HTTP Client

Table of Contents

HTTP Client

Problems

This is a proposal to restructure the HTTP client code in puppet to solve the following problems.

REST Client

It's difficult to use puppet as a library to call our own REST APIs due to the coupling of puppet's http code with the indirector. As a result, users have created REST clients, but they don't behave the same way our agent does, such as serialization and deserialization of rich data, server_list for high availability, and JSON to PSON content negotiation, etc.

It would be beneficial to the puppet ecosystem to have an REST client that's reusable by more than the agent.

Persistent connections

Persistent HTTP connections allow puppet to establish an HTTP(S) connection once and reuse it for multiple HTTP requests. This avoids making a new TCP connection and SSL handshake for each request. This is important for pluginsync, due to the large number of individual GET requests. However, persistent connections are not enabled by default, and must be opted into, as was recently done for puppet device and puppet plugin download. More than likely, other applications should be using persistent connections, but aren't.

Routing

Puppet supports 3 ways of routing connections: DNS SRV records, server list, and static puppet settings. However, some routing methods are not consistently applied. For example, puppet plugin download and puppet report upload don't observe server list.

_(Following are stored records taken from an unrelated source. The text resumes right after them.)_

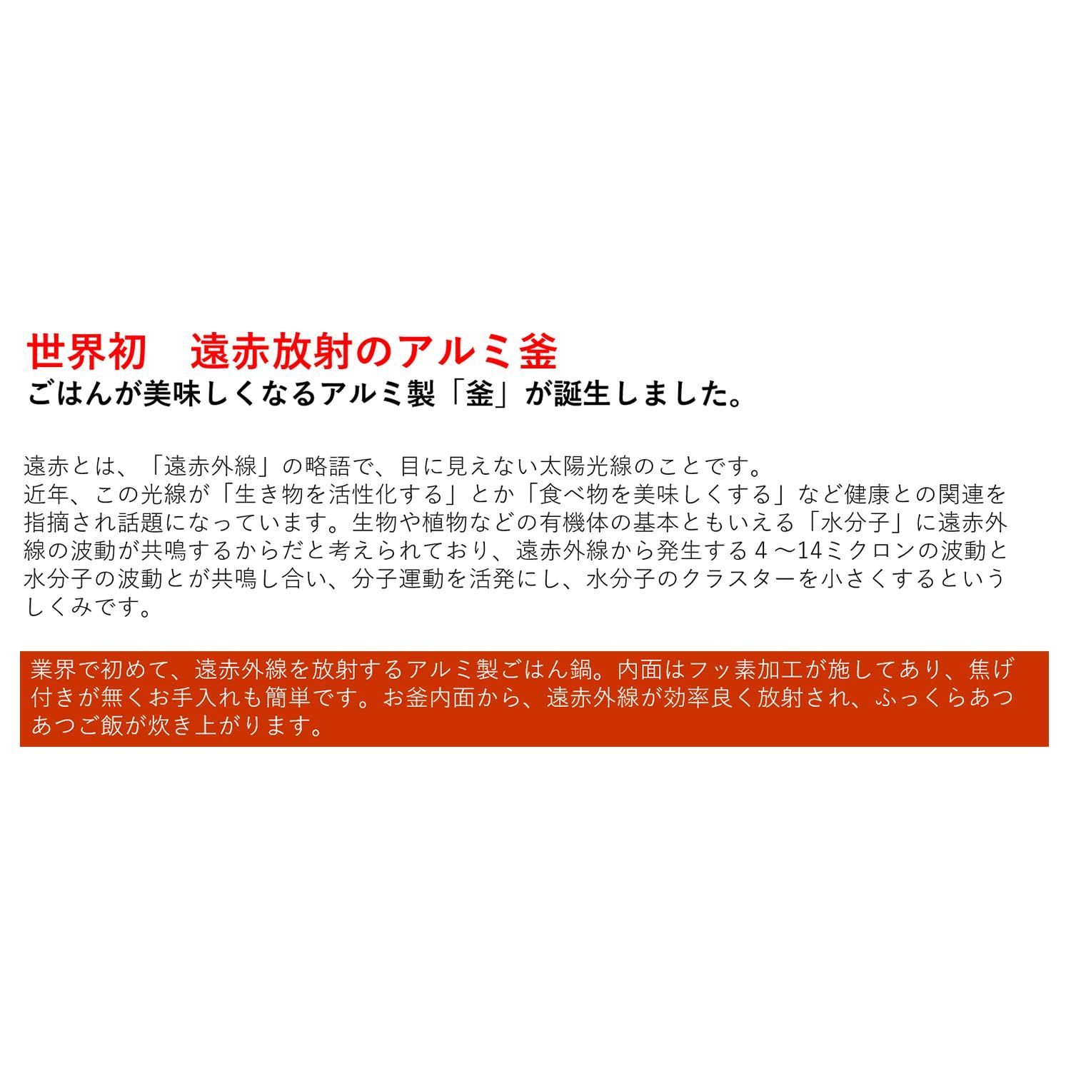 ご覧いただきありがとうございます。 当店では他サイトにも商品を販売しているため まれに売り切れや取り寄せ中となる場合がありますがご了承ください。 砺波商店(Tonamishouten) ご飯釜 遠赤 手軽に作れる 黒釜飯 1合用 木蓋 付き 日本製 アルミ製 アウトドア キャンプ 直火OK 塗りなおし可能 サイズ:内寸 直径115xH80mm 本体重量:780g 素材・材質:アルミ製(フッ素加工) 生産国:日本 鋳物産業として400年の歴史がある、富山県高岡市で造られる金属食器 業界で初めて、遠赤外線ほ放射するアルミ製ごはん鍋。お釜内面から、遠赤外線が効率よく放射され、ふっくら炊き上がります 伝統工芸品から、業務用・一般家庭用まで幅広くお使いいただけます 木蓋の裏面は、白と黒の2種類ございます。どちらかの木蓋が同封になります。使用上違いはございません。 老若男女に愛される釜飯 おうちごはんで、いつもの日常にひと手間で美味しいご飯を フッ素加工が施されているので、汚れが落としやすい 羽釜は鉄やアルミでできているため、熱伝導が良く、温まりやすく冷めやすい性質 そのため短時間で炊きあがり、熱が釜全体に伝わるのでお米が均一に加熱され、炊きムラが起こらない シャキッとした歯ごたえのご飯に 最後までご確認頂き誠にありがとうございました。 上記をご確認頂き、ご購入いただけましたら幸いです。 何かご不明な点がございましたらお気軽にメッセージからお問い合わせ下さい。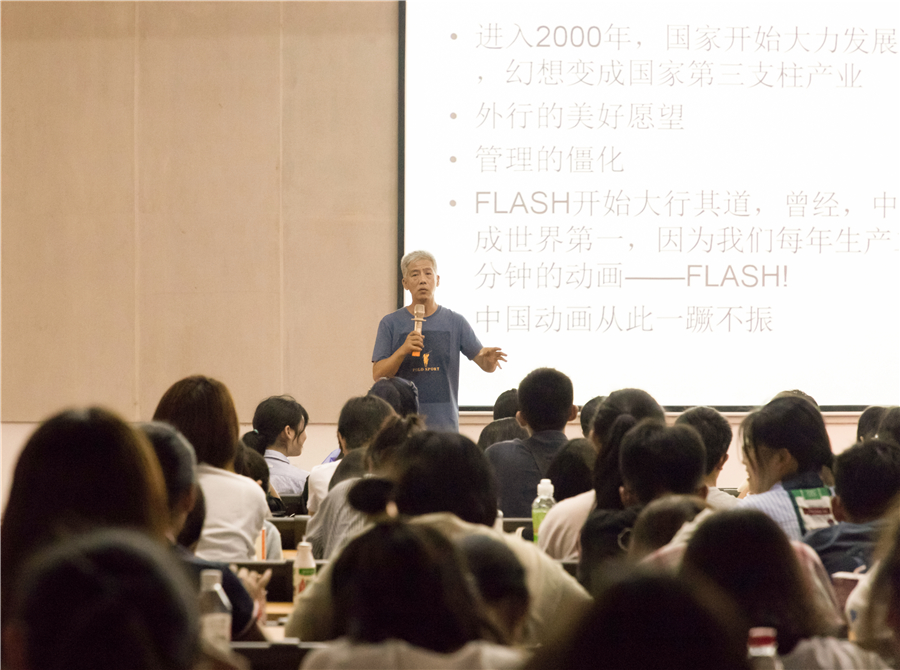讲座开始前,黄惠忠教授对现场师生表达了真挚的问候,对于能够再次来到北艺进行交流与学习表示十分荣幸。接着,黄教授以动画行业发展产生差别这一问题引出讲座内容,并通过自身制作动画的经历简向同学们介绍了中国动画行业发展的艰苦历程。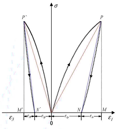 In the plot of the stress-axial strain curve, if the slope of line OP between the starting point O and the loading end point P of a cycle is defined as the loading deformation modulus , then it includes the axial elastic strain and plastic strain. Similarly, the slope of the line PN between the loading endpoint P and the unloading endpoint N of a cycle is defined as the unloading deformation modulus , which includes only the axial elastic strain . These values can be calculated by using the following formulas: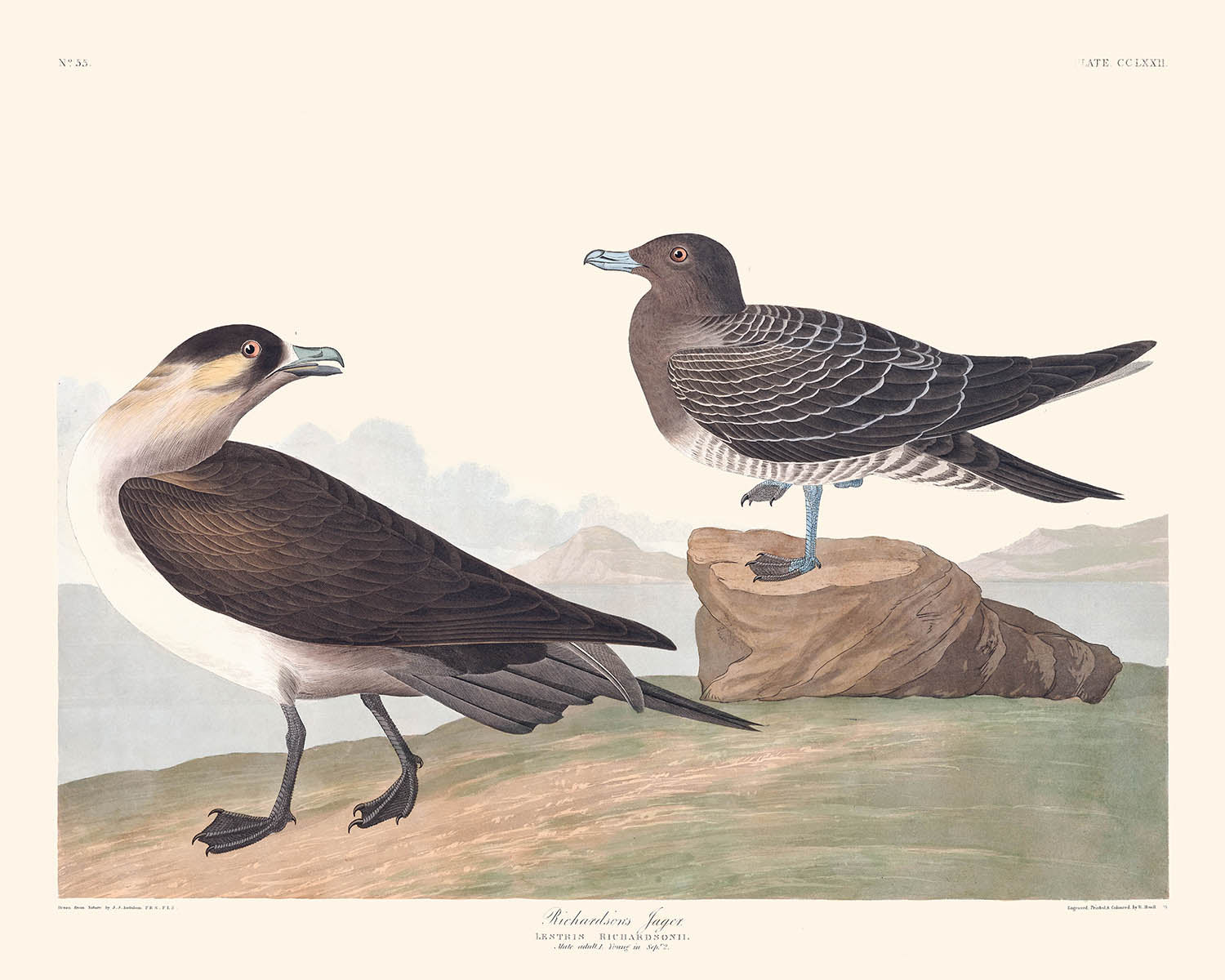 El renombrado ornitólogo y artista John James Audubon representó el majestuoso "Jäger de Richardson" como parte de su innovador trabajo, "Aves de América", publicado en 1827. Esta impresionante ilustración inmortaliza la rara presencia del Jäger de Richardson en las costas de América del Norte, especialmente detallada contra el nítido fondo invernal de Massachusetts y Maine.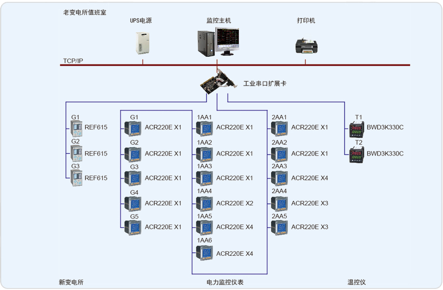 安科瑞電氣股份有限公司于2011年8月承接了蘇州軸承廠有限公司電力監(jiān)控系統(tǒng)的設計與實施。本監(jiān)控系統(tǒng)主要實現(xiàn)蘇州軸承廠有限公司的10/0.4kV配電系統(tǒng)進行用電監(jiān)測與電能管理;監(jiān)測范圍為新建變電所的T1、T2變壓器進線柜,聯(lián)絡柜,溫控儀,高壓側儀表及綜保進行遠程實時監(jiān)控和電能管理。該系統(tǒng)總計有31只儀表(其中包括26只ACR220E,3只ABB,2只溫控儀),分3條總線,都是直接通過屏蔽雙絞線走管道拉至值班室連接到主機擴展卡上,實現(xiàn)總線上儀表與監(jiān)控主機的數(shù)據(jù)連通。
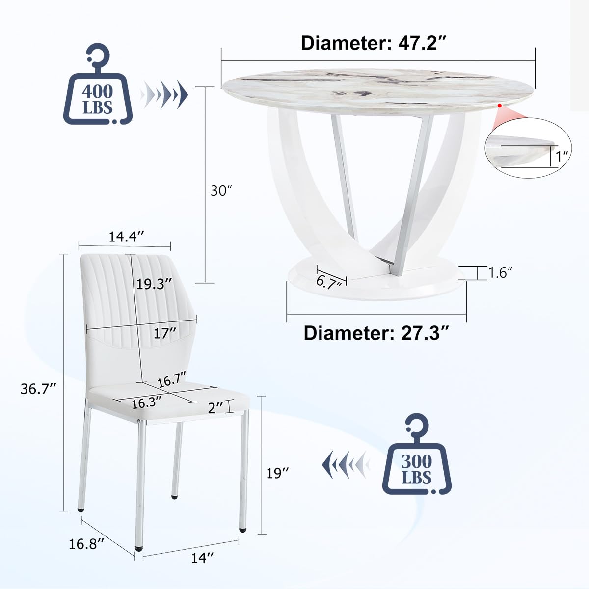 - Sturdy Dinner Table Set for 4:The white glossy pedestal base with metal support enhances both visual appeal and structural stability, supporting up to 400 lbs,the faux marble dining table size:47"L×47"D×30"H. The white dining Chairs hold up to 300 lbs, built for daily use with peace of mind,the armless dining chairs size:36.7“H×16.7"D×16.3"L

Once a route has been determined, puppet stores the last used server and port in Puppet's context system, but it's more of a hack than anything. As a result, it's difficult to know how the last used server and port were set and when to invalidate them.

Inconsistencies

Puppet::Network::HTTP::Connection supports two ways of making GET and POST requests, but they don't behave consistently when handling HTTP redirects, the Retry-After header, server and proxy authentication, and exception handling.

Error Handling

The Puppet::Network::HttpPool and related classes don't specify which exceptions can be raised. Instead they pass through whatever exceptions ruby raises. Everything from SocketError to SystemCallError to OpenSSL::SSL::SSLError to Net::ProtocolError and TimeoutError. As a result, it's hard for clients to build higher level abstractions.

SSL Trust Stores

Puppet only trusts the puppet PKI when connecting to puppet infrastructure, but needs to additionally trust the system cert store for requests like PMT and downloading files from https sources. However, the current API doesn't allow the caller to do that, which is why Puppet::Util::HttpProxy#request_with_redirects duplicates the logic fromPuppet::Network::HTTP::Connection#request_with_redirects.

Proposal

In order to solve these problems, I propose creating an HTTP client in puppet with the following goals:

Goals

Implement a REST client in puppet capable of serializing/deserializing puppet objects like Catalog, Report, etc.
Reuse the existing networking code as much as possible, such as Puppet::Network::HTTP::Pool, but restructure it with a clear API.
Always use persistent connections unless the caller explicitly opts out.
Handle server resolution (via DNS SRV, etc) in a consistent way.
Define an exception hierarchy for the API so that Net::HTTP specific exceptions don't leak out.
Make it possible to use the system trust store for a single HTTPS request.

Non-Goals

Ruby's builtin Net::HTTP library is fairly buggy, however, we're not switching away from it right now. We may in the future, but it's out of scope.
Serialization of puppet domain objects requires pops, rich data and loaders. As a result, creating a standalone puppet-http gem is out of scope.

Design

Classes

Client

Has a pool of persistent HTTP connections and creates HTTP sessions. Closes persistent connections when its close method is called.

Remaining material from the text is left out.